Your objective = Every line below from the one with "PALEMBANG, SIMBUR –" through the one with "- Embroidered Good" is to be repeated exactly, with no picture among them.

Listed records =
--------------------------------

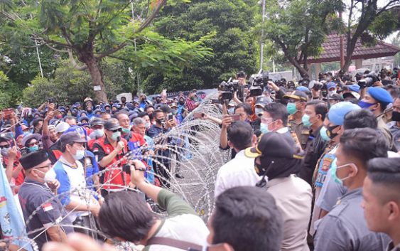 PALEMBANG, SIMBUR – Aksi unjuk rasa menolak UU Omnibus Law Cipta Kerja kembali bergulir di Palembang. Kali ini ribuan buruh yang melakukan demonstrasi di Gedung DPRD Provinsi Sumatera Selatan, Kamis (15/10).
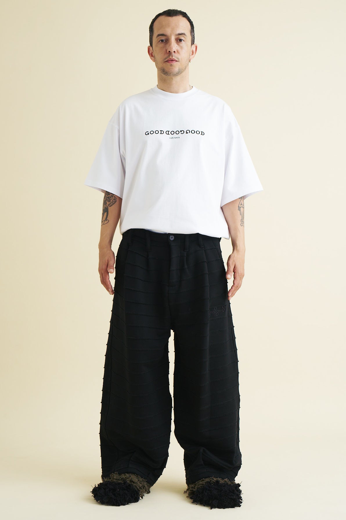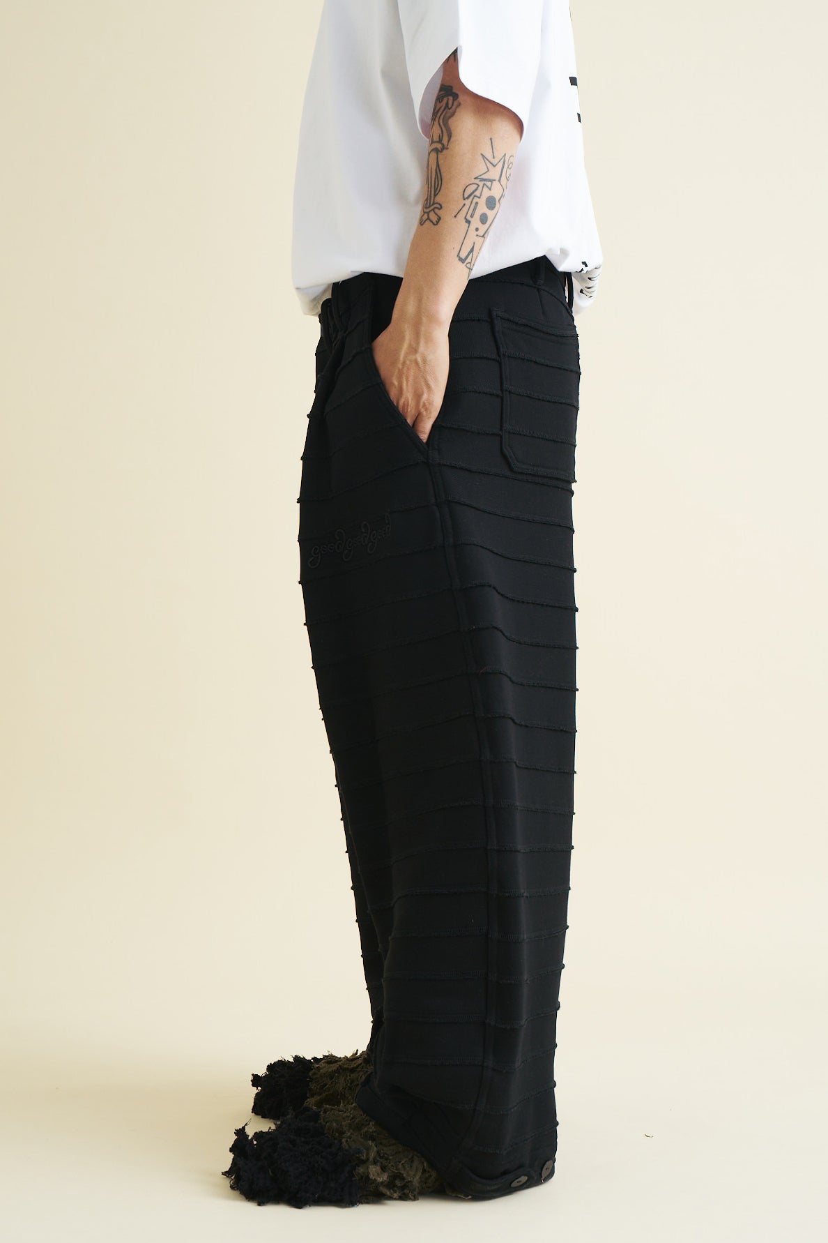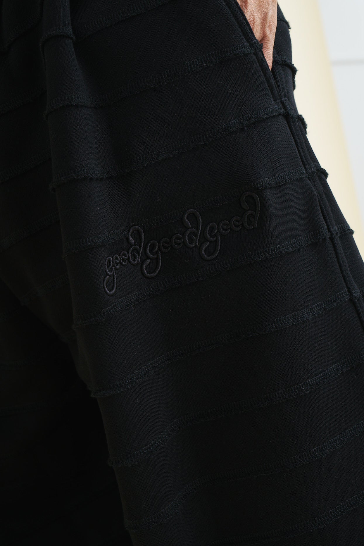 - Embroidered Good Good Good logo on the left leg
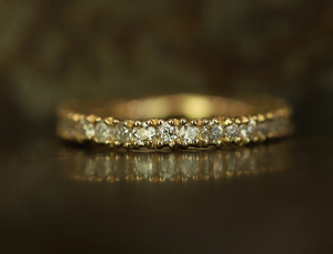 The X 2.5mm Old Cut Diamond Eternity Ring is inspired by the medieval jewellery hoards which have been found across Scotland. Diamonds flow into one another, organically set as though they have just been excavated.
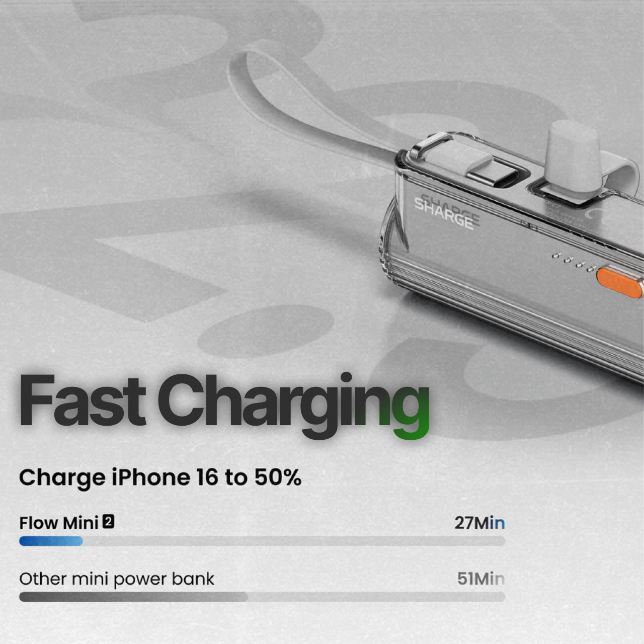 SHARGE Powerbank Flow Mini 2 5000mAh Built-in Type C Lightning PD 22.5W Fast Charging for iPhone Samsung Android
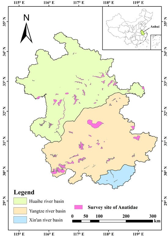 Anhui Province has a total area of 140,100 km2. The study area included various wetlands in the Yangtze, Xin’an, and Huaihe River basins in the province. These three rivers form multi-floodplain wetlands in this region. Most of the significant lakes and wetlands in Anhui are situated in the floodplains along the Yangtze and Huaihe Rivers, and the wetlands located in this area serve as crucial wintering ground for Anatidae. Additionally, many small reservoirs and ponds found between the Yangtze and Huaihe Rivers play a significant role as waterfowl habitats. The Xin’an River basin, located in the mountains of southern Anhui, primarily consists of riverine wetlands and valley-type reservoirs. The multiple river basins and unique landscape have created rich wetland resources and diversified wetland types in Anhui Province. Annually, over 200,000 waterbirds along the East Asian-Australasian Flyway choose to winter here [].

--------------------------------

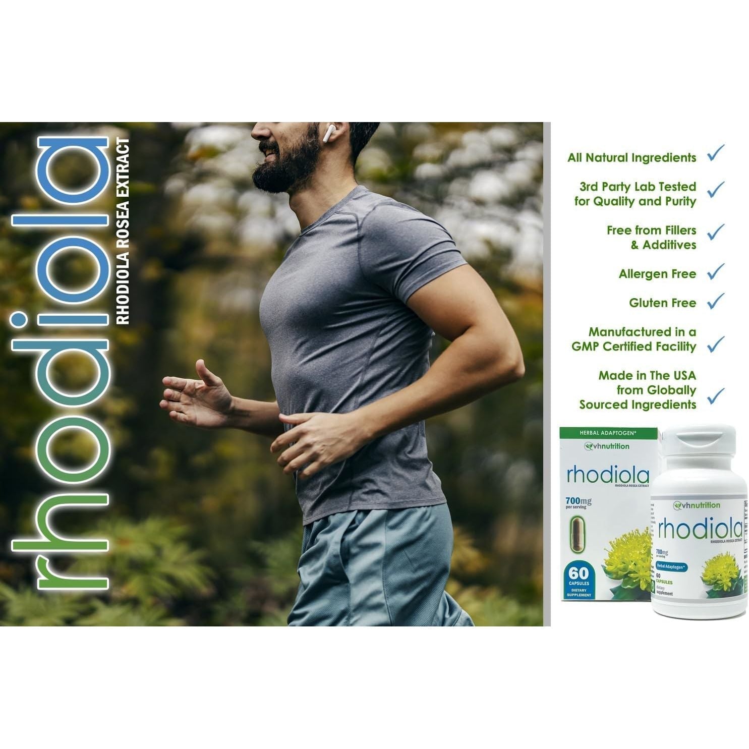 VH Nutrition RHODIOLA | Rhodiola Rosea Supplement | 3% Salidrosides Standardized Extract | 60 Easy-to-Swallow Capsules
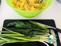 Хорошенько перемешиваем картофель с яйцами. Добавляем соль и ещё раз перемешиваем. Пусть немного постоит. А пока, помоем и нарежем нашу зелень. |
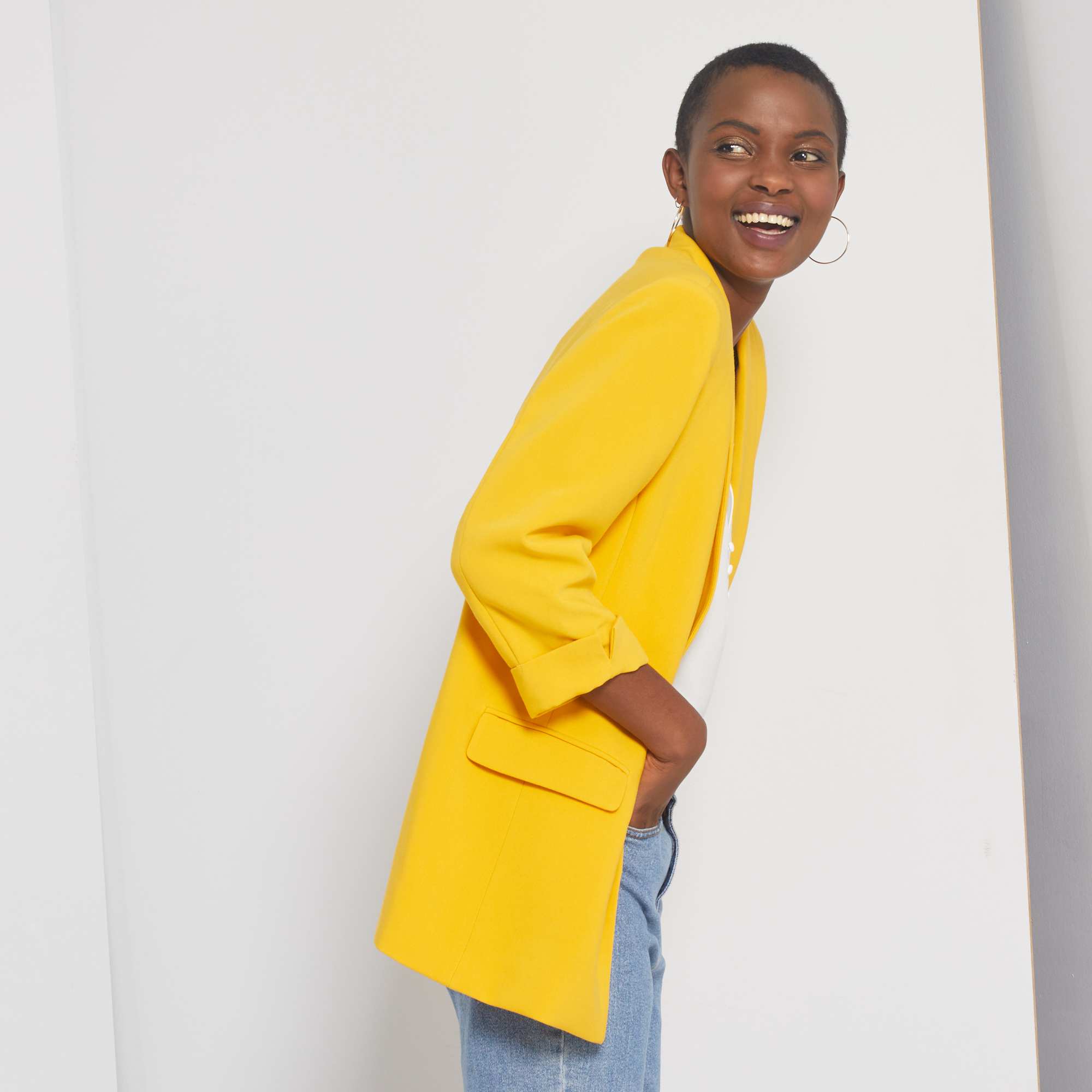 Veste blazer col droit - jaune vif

--------------------------------

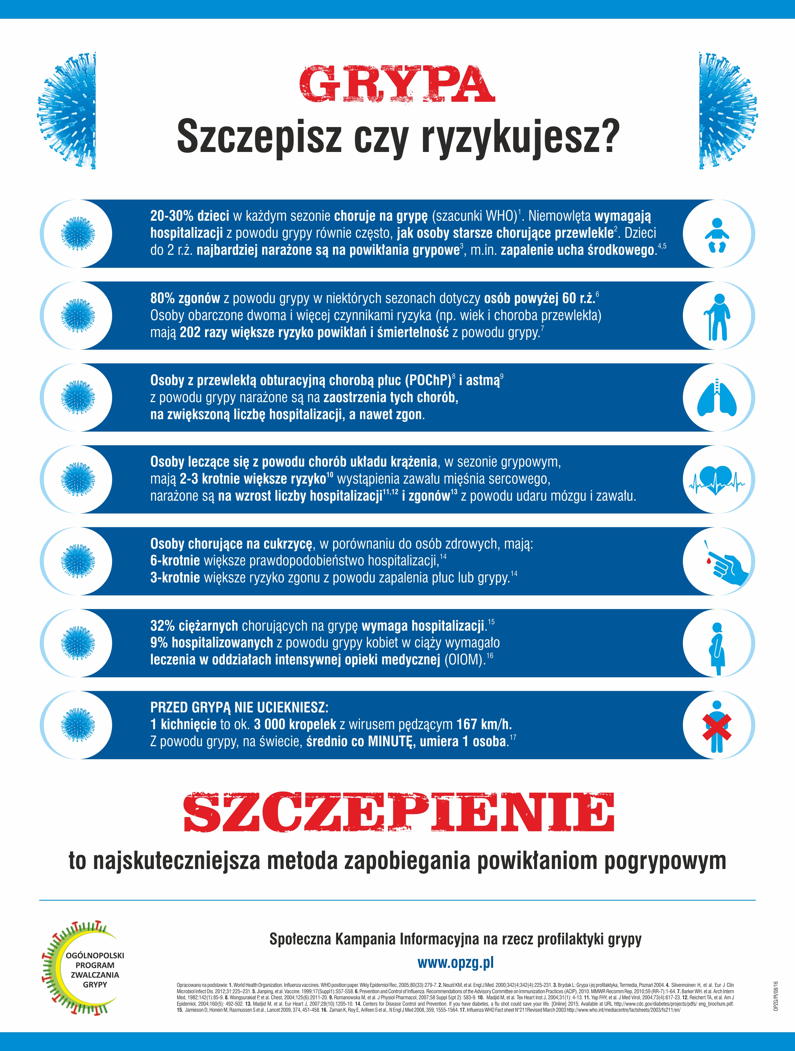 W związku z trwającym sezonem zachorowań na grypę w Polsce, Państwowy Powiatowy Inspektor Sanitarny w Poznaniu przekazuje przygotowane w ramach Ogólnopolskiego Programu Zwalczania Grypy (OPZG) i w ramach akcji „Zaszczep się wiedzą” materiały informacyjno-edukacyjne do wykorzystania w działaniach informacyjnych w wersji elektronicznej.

--------------------------------

Exercise result =
 PALEMBANG, SIMBUR – Aksi unjuk rasa menolak UU Omnibus Law Cipta Kerja kembali bergulir di Palembang. Kali ini ribuan buruh yang melakukan demonstrasi di Gedung DPRD Provinsi Sumatera Selatan, Kamis (15/10).
 - Embroidered Good Good Good logo on the left leg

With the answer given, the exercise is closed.